▶ **Task requirements**
Using the listing below, retype exactly the lines starting at the one with "Die Franck Sonnenliegen" and ending at the one with "Ointments with St.", and include both.

▶ **Supplied material**
-- Opening Marker --
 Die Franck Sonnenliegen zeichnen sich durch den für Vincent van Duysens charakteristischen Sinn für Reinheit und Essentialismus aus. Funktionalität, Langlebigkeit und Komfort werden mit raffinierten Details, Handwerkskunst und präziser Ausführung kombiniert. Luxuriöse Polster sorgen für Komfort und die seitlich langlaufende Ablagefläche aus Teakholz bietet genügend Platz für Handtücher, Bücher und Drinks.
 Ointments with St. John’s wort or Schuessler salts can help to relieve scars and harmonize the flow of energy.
-- Closing Marker --
-- Opening Marker --
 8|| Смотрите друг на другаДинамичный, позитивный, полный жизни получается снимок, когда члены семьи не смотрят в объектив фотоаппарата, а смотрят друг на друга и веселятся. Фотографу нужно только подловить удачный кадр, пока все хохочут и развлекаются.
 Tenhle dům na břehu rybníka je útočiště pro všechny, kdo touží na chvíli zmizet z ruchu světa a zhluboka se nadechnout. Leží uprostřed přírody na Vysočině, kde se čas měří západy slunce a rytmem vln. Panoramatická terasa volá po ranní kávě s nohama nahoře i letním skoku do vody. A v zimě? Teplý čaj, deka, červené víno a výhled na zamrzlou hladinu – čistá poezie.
-- Closing Marker --
-- Opening Marker --
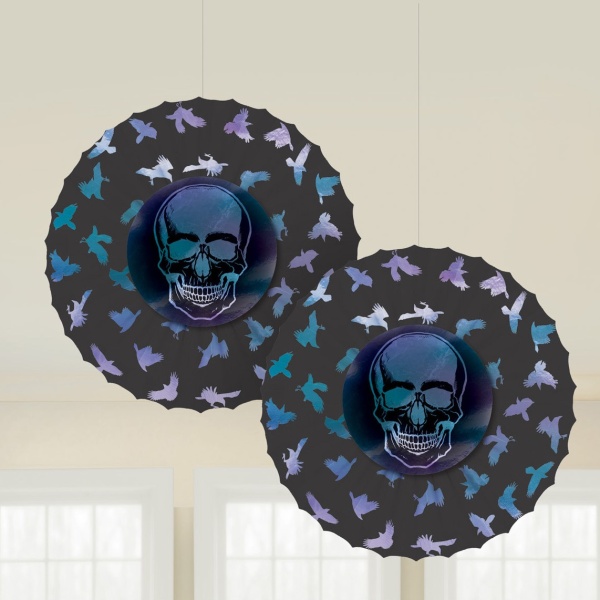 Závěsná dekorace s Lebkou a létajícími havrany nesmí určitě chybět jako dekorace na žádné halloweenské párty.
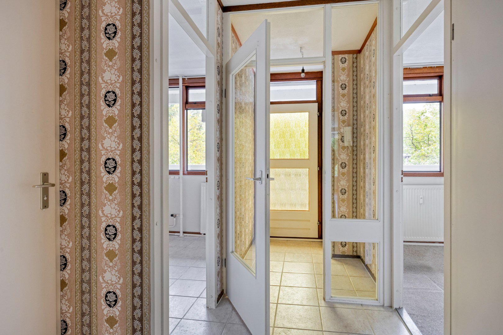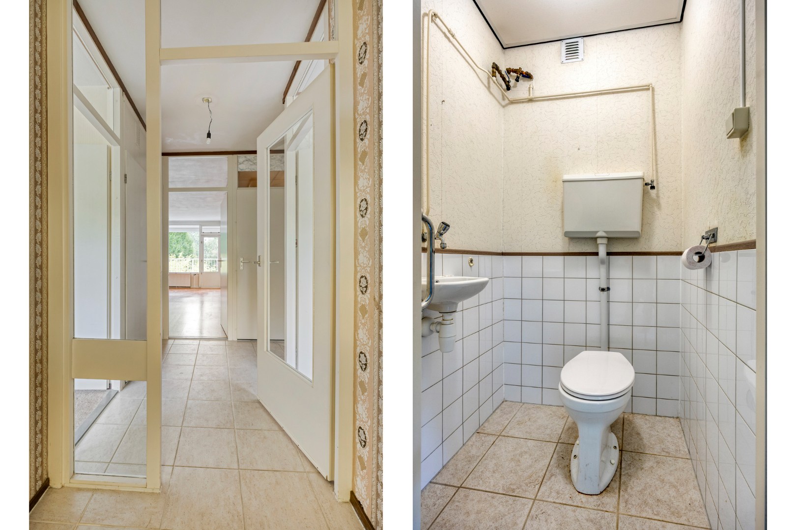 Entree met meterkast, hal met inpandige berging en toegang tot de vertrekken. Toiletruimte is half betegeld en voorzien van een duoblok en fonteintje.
-- Closing Marker --
▶ **Response to the task**
 Die Franck Sonnenliegen zeichnen sich durch den für Vincent van Duysens charakteristischen Sinn für Reinheit und Essentialismus aus. Funktionalität, Langlebigkeit und Komfort werden mit raffinierten Details, Handwerkskunst und präziser Ausführung kombiniert. Luxuriöse Polster sorgen für Komfort und die seitlich langlaufende Ablagefläche aus Teakholz bietet genügend Platz für Handtücher, Bücher und Drinks.
 Ointments with St. John’s wort or Schuessler salts can help to relieve scars and harmonize the flow of energy.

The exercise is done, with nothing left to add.